PROBLEM STATEMENT: Copy nothing but the lines below, from the one with "当然,不同的企业,总裁办的职" through the one with "Plaid en polaire", exactly as written; no pictures should appear.

WORKING DATA:
Content starts

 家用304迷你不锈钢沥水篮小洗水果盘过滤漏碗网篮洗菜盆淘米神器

Content ends
Content starts

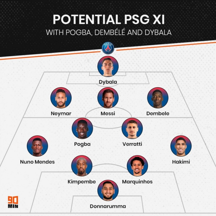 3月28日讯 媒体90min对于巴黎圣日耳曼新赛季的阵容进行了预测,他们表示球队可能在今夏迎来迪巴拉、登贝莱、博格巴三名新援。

Content ends
Content starts

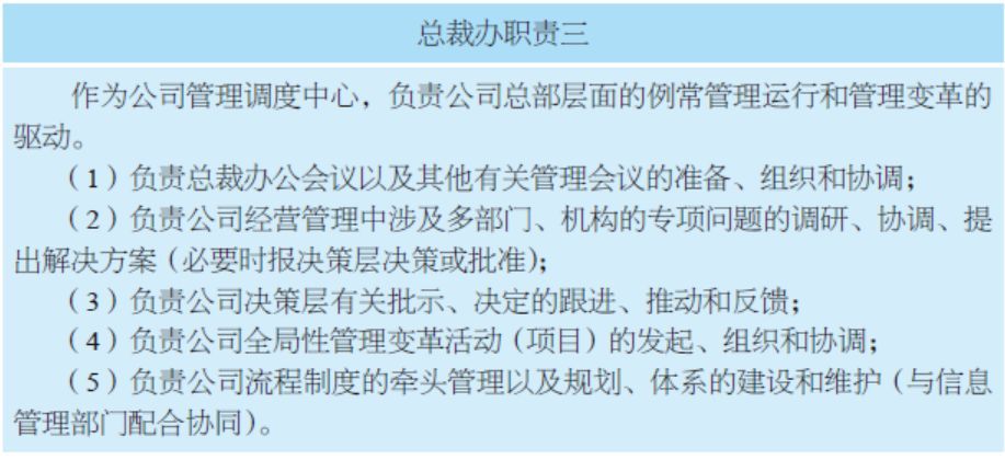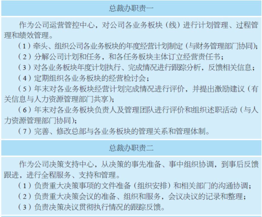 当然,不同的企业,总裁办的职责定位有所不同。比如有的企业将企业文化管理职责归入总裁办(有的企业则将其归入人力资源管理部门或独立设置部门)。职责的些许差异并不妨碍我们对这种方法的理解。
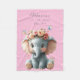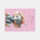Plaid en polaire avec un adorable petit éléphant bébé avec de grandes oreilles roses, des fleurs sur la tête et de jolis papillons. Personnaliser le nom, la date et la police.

Content ends

FINISHED EXERCISE:
 当然,不同的企业,总裁办的职责定位有所不同。比如有的企业将企业文化管理职责归入总裁办(有的企业则将其归入人力资源管理部门或独立设置部门)。职责的些许差异并不妨碍我们对这种方法的理解。
Plaid en polaire avec un adorable petit éléphant bébé avec de grandes oreilles roses, des fleurs sur la tête et de jolis papillons. Personnaliser le nom, la date et la police.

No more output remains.